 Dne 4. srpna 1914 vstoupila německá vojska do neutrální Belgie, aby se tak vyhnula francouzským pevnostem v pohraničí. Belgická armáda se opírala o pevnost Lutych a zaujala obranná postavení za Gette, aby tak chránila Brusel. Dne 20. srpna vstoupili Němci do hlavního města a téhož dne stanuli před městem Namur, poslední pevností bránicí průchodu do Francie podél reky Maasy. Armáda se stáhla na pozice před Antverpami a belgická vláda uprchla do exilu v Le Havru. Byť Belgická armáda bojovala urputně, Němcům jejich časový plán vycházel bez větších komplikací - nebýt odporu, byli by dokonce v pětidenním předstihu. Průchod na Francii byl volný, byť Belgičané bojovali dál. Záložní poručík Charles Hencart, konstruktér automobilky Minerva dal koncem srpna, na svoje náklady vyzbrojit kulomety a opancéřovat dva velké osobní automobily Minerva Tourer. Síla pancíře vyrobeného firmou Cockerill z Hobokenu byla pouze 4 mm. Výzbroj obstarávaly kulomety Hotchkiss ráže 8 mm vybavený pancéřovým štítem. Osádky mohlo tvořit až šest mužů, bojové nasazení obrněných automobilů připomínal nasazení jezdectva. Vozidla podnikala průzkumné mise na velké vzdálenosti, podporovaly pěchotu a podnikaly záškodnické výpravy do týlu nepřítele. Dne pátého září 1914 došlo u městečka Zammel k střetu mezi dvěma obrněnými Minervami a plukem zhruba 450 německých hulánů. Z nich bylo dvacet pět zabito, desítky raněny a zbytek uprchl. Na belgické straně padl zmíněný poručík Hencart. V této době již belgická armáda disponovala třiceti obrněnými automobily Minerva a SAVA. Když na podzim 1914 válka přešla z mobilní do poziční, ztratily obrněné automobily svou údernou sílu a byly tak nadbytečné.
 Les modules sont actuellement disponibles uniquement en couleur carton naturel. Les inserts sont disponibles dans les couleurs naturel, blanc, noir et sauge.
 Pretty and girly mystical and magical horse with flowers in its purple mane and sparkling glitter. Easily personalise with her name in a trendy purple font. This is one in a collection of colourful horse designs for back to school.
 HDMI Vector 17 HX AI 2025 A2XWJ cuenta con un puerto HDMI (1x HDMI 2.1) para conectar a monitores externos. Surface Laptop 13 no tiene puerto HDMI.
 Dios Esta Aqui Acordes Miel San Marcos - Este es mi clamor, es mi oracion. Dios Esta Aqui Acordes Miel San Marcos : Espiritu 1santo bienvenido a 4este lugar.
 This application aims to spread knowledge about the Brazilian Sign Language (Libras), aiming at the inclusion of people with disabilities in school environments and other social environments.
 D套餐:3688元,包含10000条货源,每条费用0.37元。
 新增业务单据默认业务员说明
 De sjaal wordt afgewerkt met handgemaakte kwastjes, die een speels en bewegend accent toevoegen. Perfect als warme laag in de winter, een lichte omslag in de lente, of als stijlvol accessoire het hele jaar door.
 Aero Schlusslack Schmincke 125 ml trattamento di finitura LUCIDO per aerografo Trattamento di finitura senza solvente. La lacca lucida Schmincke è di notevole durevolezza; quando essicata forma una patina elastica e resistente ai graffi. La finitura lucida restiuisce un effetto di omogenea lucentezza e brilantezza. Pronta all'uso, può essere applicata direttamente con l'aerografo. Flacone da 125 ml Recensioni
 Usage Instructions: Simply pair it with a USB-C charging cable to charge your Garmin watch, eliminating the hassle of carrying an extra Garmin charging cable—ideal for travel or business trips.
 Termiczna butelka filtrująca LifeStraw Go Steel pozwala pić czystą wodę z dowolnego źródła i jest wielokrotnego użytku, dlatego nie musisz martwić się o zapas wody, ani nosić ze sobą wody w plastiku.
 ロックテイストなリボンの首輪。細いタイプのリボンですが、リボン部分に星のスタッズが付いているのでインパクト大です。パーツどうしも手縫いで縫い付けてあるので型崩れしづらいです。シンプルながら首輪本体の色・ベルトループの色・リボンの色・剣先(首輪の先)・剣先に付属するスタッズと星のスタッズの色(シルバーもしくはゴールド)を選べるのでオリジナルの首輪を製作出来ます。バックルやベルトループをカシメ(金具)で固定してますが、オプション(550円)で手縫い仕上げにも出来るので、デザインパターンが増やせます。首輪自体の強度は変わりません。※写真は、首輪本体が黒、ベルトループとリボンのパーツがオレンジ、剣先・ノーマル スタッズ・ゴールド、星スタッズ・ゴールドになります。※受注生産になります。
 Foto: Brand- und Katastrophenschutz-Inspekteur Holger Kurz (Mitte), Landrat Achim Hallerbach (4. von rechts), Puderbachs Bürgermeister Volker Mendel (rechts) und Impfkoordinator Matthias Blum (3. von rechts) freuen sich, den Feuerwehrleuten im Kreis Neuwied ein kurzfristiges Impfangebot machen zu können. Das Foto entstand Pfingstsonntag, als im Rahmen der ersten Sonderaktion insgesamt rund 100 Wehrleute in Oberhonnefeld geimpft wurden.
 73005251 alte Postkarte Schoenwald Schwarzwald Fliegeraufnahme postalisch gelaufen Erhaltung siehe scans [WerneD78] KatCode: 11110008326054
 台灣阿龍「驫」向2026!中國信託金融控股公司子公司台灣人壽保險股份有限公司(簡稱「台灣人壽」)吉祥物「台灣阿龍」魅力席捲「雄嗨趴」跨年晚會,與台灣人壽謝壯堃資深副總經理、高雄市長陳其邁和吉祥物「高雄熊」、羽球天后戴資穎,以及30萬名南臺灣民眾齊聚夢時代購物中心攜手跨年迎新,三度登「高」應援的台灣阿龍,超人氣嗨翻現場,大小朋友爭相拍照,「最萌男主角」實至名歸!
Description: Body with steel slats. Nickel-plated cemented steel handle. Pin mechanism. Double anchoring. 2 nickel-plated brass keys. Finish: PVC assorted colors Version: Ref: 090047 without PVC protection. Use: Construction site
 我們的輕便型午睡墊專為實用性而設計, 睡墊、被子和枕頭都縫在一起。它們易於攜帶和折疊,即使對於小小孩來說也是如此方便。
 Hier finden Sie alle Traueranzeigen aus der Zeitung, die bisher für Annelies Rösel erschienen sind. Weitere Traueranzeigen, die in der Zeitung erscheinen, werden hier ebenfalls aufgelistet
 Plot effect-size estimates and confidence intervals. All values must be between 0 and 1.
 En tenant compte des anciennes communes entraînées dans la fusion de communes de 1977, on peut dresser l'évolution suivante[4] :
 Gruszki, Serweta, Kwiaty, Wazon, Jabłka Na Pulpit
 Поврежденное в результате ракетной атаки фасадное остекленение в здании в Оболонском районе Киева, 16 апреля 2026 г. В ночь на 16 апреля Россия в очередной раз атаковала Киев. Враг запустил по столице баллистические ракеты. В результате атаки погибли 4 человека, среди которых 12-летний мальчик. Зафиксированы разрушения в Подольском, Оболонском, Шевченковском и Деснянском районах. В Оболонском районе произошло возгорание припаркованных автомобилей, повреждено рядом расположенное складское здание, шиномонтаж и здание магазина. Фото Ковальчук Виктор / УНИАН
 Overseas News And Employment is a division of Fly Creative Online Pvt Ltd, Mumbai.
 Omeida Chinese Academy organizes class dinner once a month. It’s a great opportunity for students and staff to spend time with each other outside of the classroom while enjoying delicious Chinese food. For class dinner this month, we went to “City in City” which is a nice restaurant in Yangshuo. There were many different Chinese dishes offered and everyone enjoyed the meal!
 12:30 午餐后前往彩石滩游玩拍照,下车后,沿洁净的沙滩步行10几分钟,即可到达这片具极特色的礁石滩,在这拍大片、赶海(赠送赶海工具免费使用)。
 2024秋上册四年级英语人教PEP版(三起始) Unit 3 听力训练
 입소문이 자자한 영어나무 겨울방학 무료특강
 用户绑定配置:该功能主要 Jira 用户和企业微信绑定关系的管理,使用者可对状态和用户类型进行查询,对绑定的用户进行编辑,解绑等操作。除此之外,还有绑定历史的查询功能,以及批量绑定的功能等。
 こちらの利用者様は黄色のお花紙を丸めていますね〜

Work request
All lines above with the word "school" need to be reported.

Answer section
 Pretty and girly mystical and magical horse with flowers in its purple mane and sparkling glitter. Easily personalise with her name in a trendy purple font. This is one in a collection of colourful horse designs for back to school.
 This application aims to spread knowledge about the Brazilian Sign Language (Libras), aiming at the inclusion of people with disabilities in school environments and other social environments.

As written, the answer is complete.